Dynamic programming is a bookkeeping method to help track what's going on. At the very highest level, if you naively try to do all this vector calculus, you end up calculating some derivatives over and over again. The modern backpropagation algorithm avoids some of that, and it so happens that you update the output layer first, then the second to last layer, etc. Updates are propagating backwards from the output, hence the name.
So, if you're lucky enough to have been exposed to gradient descent or vector calculus before, then hopefully that clicked.
The full derivation of backpropagation can be condensed into about a page of tight symbolic math, but it's hard to get the sense of the algorithm without a high-level description. (It's downright intimidating, in my opinion.) If you haven't got a good handle on vector calculus, then, sorry, the above probably wasn't helpful.
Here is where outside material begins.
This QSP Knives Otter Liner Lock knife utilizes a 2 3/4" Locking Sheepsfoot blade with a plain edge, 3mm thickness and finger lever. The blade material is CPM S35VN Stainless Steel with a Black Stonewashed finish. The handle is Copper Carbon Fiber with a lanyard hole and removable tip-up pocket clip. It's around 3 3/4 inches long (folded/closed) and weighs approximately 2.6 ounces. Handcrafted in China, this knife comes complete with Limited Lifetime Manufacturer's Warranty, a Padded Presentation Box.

But to get backpropagation to actually work, it's not necessary to understand the full derivation.
I found the following paper (by Rojas) very helpul, when I was trying to understand this material, even if it's a big PDF of one chapter of his book.
http://page.mi.fu-berlin.de/rojas/neural/chapter/K7.pdf
我将尝试在不深入研究代码或数学的情况下进行解释。
基本上,您可以从神经网络计算分类,并与已知值进行比较。这会导致输出节点出现错误。
现在,从输出节点,我们有 N 个来自其他节点的传入链接。我们将误差传播到输出节点之前的最后一层。然后将其传播到下一层(当有多个上行链路时,您将对错误求和)。然后递归地传播到第一个
为了调整训练的权重,对于每个节点,您基本上执行以下操作:
learningRate 和 alpha 是您可以设置的参数,以调整它磨练解决方案的速度与您解决问题的(希望)准确程度它到底。
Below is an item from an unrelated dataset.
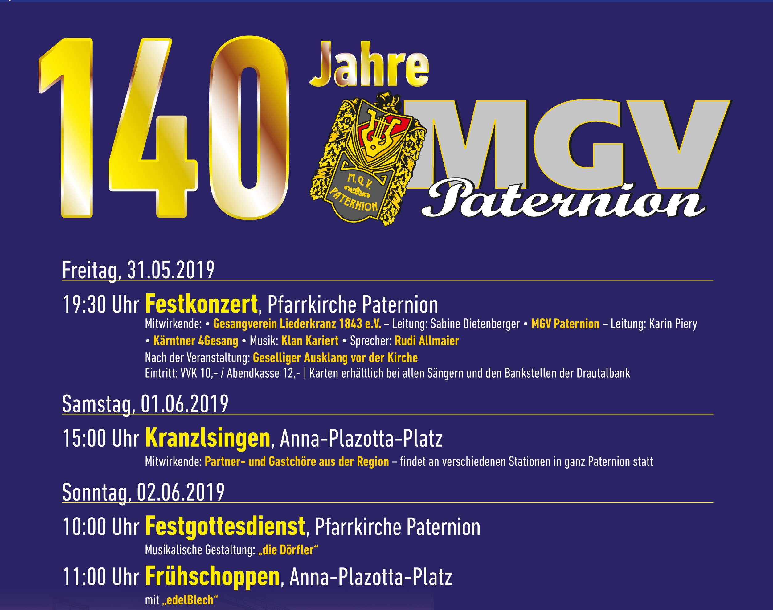140 Jahre MGV Paternion - Das Programm

I'll try to explain without delving too much into code or math.
Basically, you compute the classification from the neural network, and compare to the known value. This gives you an error at the output node.
Now, from the output node, we have N incoming links from other nodes. We propagate the error to the last layer before the output node. Then propagate it down to the next layer (when there is more than one uplink, you sum the errors). And then recursively propagate to the first
To adjust the weights for training, for each node you basically do the following:
learningRate and alpha are parameters you can set to adjust how quickly it hones in on a solution vs. how (hopefully) accurately you solve it in the end.
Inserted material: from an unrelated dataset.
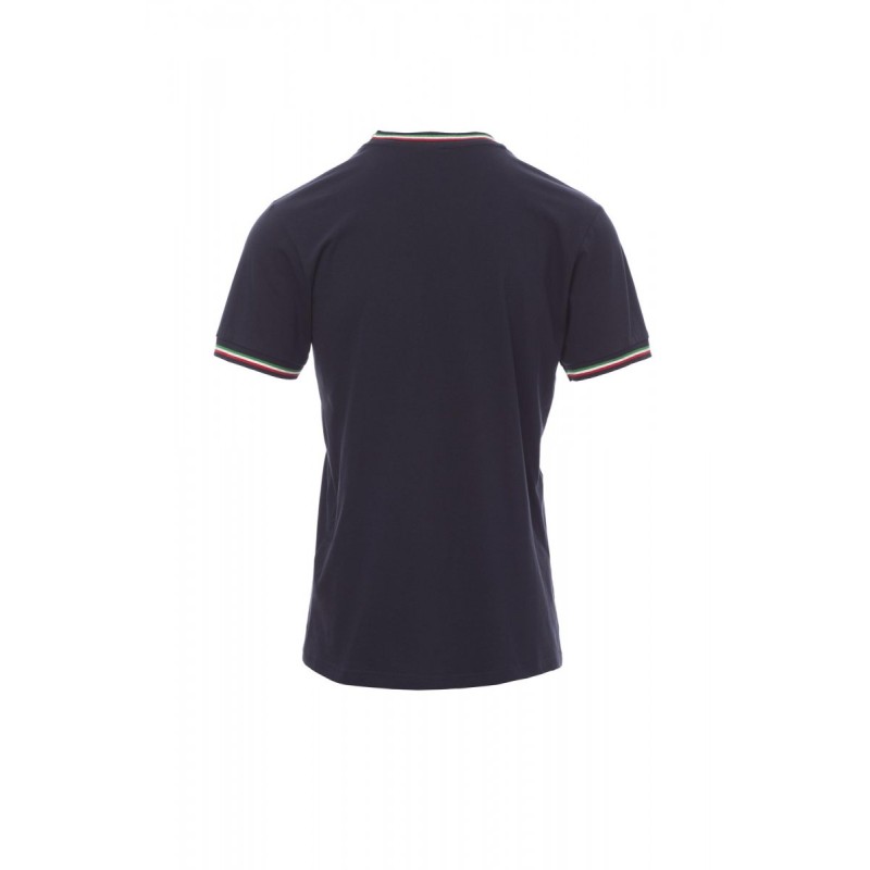Tee-shirt pour homme, encolure ras le cou et manches courtes, col et bordure des manches avec tricolore en contraste, col en bord côtes mixte spandex de 2,3 cm avec couture rabattue sur le devant, ruban de renfort d'épaule à épaule

如果你看一下计算图,就很容易理解了,它给出了如何通过链式法则(Chain Rule)计算成本函数或损失函数与权重的梯度(这基本上就是反向传播),然后调整权重中的每个权重的机制使用梯度下降的神经网络,其中梯度是通过反向传播计算的梯度。即根据每个权重对最终成本的影响程度,按比例调整每个权重。这里解释的太多了 - 但这里是章节的链接 https:// /alexcpn.github.io/html/NN/ml/4_backpropogation/ 来自我制作 https://alexcpn.github.io/html/NN/
它试图以简单的方式解释这一点。
It is easy to understand if you look at the computation graph which gives how the gradient of the Cost function or Loss function wrto weight is calculated by Chain Rule (which is basically what back propagation is) and then the mechanism of adjusting every weight in the neural network using gradient descent, where the gradient is the one calculated by BackPropogation. That is proportionally adjusting each weight, based on how strong each weight is affecting the final cost. It is too much to explain here -but here is the link to the chapter https://alexcpn.github.io/html/NN/ml/4_backpropogation/ from my book in making https://alexcpn.github.io/html/NN/
which tries to explain this in a simple way.